Empowering DevOps with Cost Governance
- If you have a DevOps or platform engineering team, involve them in evaluating cost optimisation best practices. By giving them partial visibility into real-time spend data, they can quickly adjust scaling policies, identify over-provisioned resources, or investigate usage anomalies before a bill skyrockets.
- You might create a “Cost Champion” role in each engineering squad—someone who monitors usage, implements resource tagging strategies, and ensures that the rest of the team remains mindful of cloud spend.
Use of FinOps Principles
- The emerging discipline of FinOps (short for “Financial Operations”) focuses on bringing together finance, engineering, and business stakeholders to drive financial accountability.
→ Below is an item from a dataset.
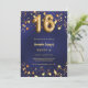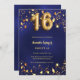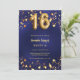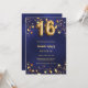 A modern, stylish invitation for a Sweet 16. A navy blue background, decorated with golden stars. The blue colour is uneven. Personalise and add your name and party details.

Adopting a FinOps mindset means cost visibility becomes a shared responsibility, with iterative improvement at its core.
- Consider referencing frameworks like the FinOps Foundation’s Principles to learn about building a culture of cost ownership, unit economics, and cross-team collaboration.
Security and Compliance Considerations
- Improving visibility does not mean exposing sensitive corporate finance data or violating compliance rules. Many organisations adopt an approach where top-level financial details (like credit card info or total monthly invoice) remain restricted, but usage-based metrics, daily cost reports, and resource-level data are made available.
- Work with your governance or risk management teams to ensure that any expanded visibility aligns with data protection regulations and internal security policies.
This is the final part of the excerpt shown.